## Data provided
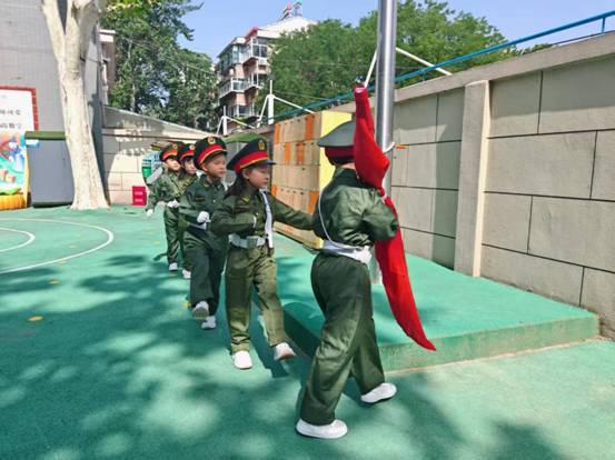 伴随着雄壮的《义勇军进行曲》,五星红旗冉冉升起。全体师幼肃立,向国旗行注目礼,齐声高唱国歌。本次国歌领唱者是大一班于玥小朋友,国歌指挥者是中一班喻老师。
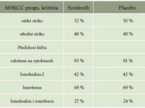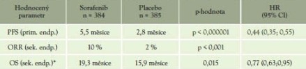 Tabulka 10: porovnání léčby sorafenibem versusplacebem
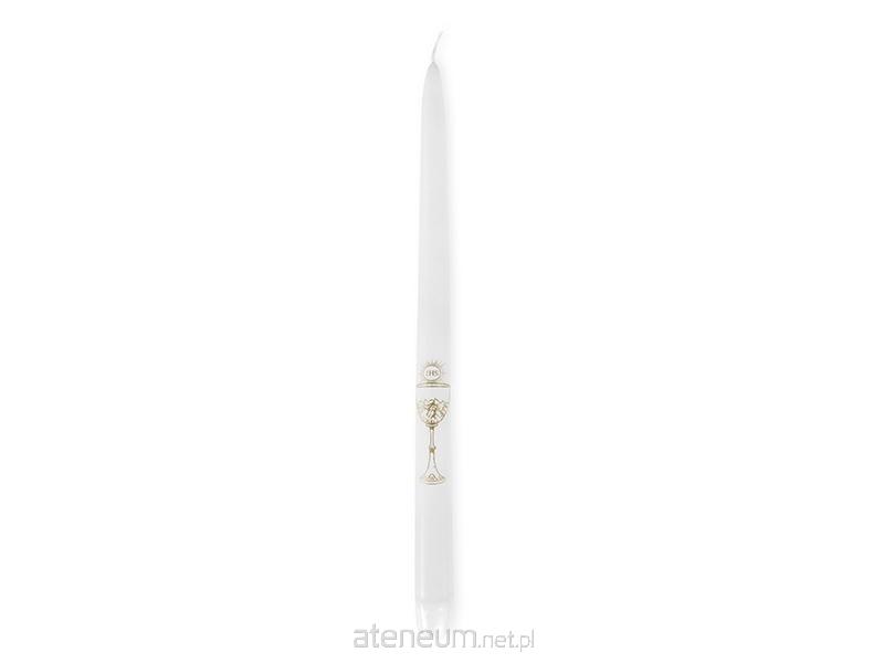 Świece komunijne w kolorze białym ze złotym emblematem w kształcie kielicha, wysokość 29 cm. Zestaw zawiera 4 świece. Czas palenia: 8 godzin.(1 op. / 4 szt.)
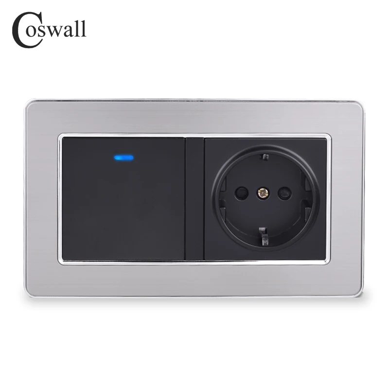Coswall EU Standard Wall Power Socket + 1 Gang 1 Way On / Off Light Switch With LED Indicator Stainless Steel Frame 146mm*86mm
==
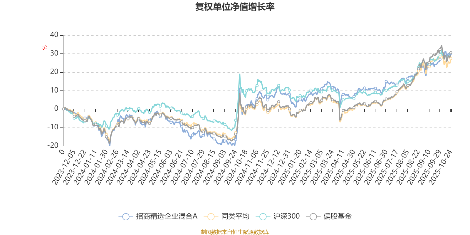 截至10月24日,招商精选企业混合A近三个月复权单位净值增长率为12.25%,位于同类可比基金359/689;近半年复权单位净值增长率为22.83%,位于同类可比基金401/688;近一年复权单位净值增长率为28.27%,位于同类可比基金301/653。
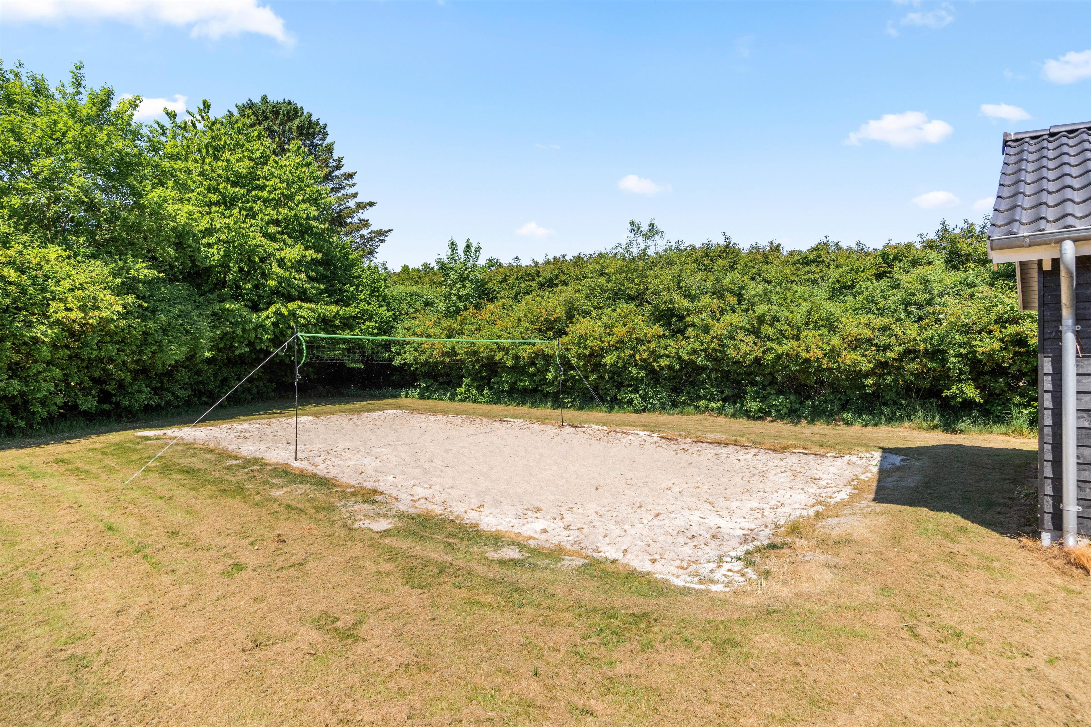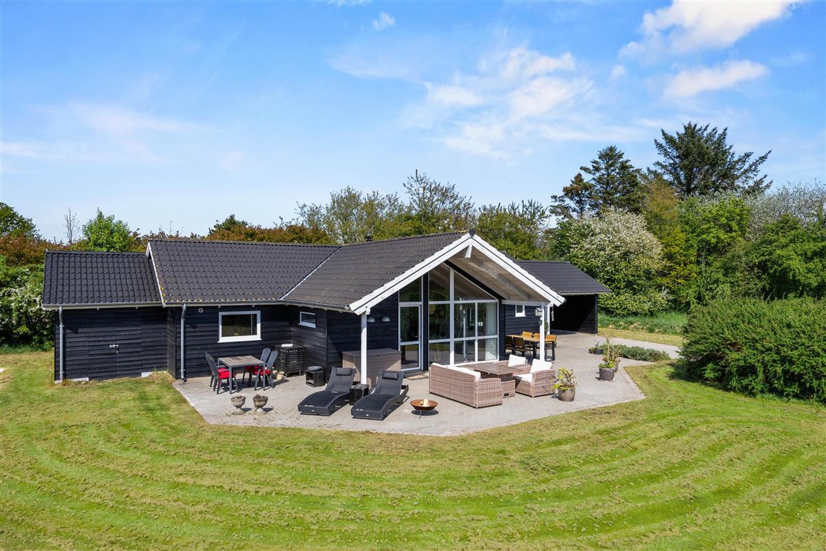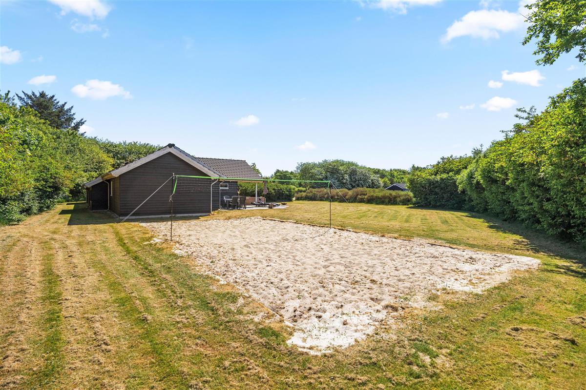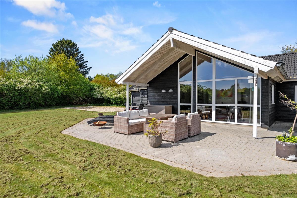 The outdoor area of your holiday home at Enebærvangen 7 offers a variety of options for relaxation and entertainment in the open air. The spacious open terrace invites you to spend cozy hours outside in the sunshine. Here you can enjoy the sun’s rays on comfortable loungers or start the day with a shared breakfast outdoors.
...
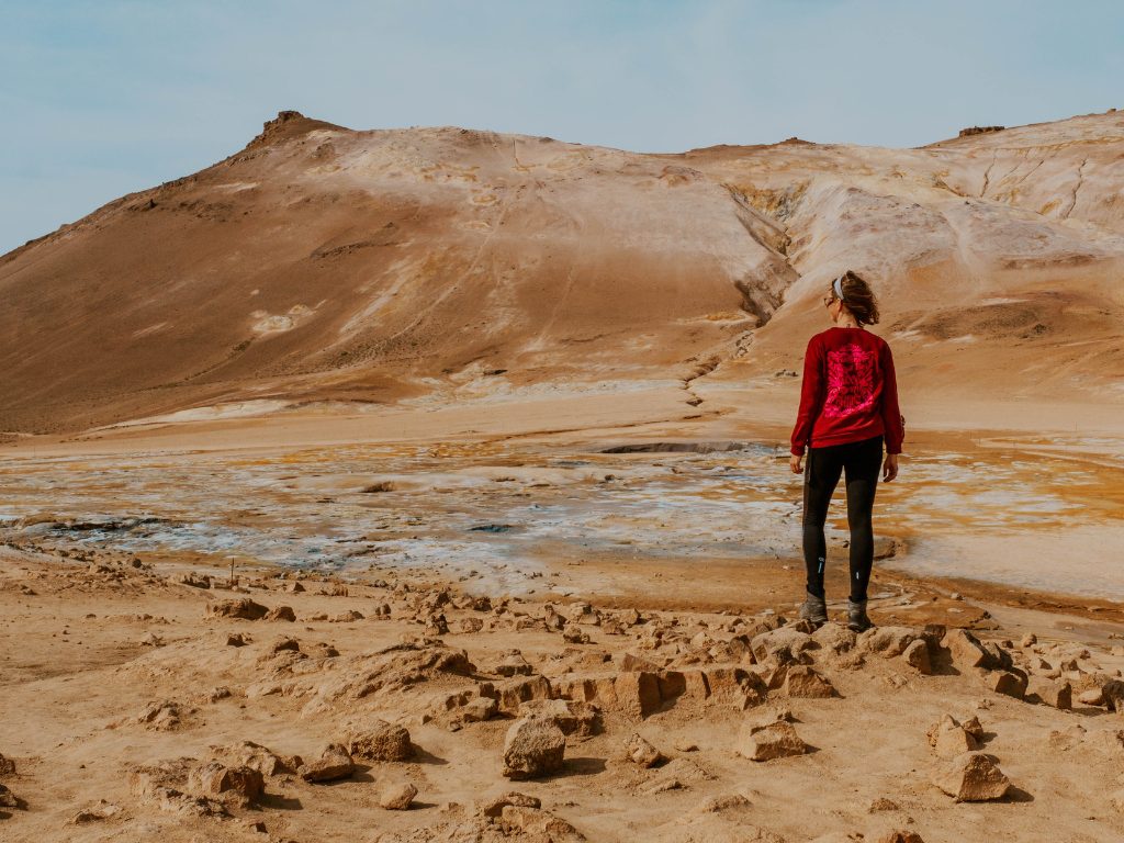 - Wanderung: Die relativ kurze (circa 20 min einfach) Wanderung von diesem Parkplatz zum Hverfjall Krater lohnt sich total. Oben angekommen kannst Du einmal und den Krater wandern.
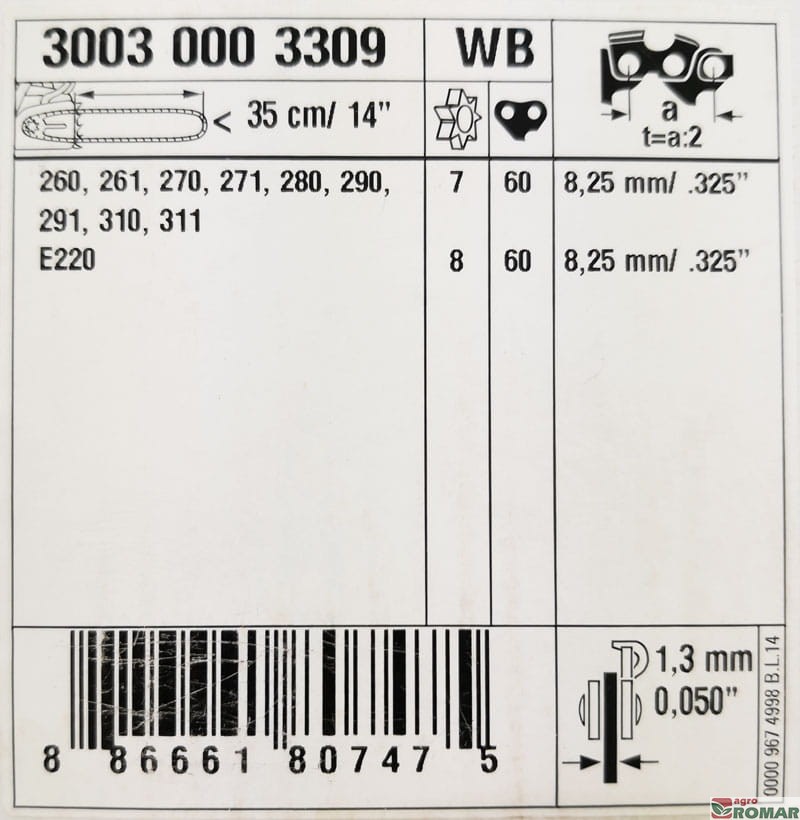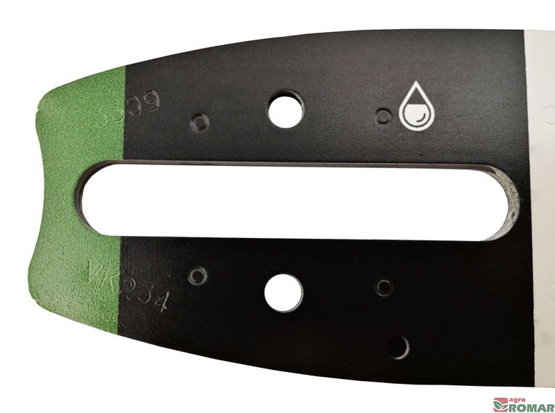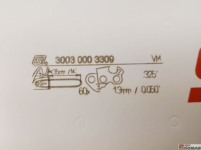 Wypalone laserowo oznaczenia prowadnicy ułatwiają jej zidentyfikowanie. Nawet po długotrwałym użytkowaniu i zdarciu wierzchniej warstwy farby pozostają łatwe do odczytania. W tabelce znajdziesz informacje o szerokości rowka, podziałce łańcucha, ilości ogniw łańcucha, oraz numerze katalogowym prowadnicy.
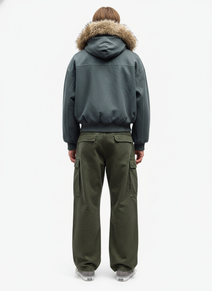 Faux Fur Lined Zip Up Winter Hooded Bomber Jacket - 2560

## Exercise
Beginning at the line above that contains "Wypalone laserowo oznaczenia" and going on through the line that contains "Faux Fur Lined", please copy every line exactly, leaving the pictures out and adding nothing.

## Response to this task
 Wypalone laserowo oznaczenia prowadnicy ułatwiają jej zidentyfikowanie. Nawet po długotrwałym użytkowaniu i zdarciu wierzchniej warstwy farby pozostają łatwe do odczytania. W tabelce znajdziesz informacje o szerokości rowka, podziałce łańcucha, ilości ogniw łańcucha, oraz numerze katalogowym prowadnicy.
 Faux Fur Lined Zip Up Winter Hooded Bomber Jacket - 2560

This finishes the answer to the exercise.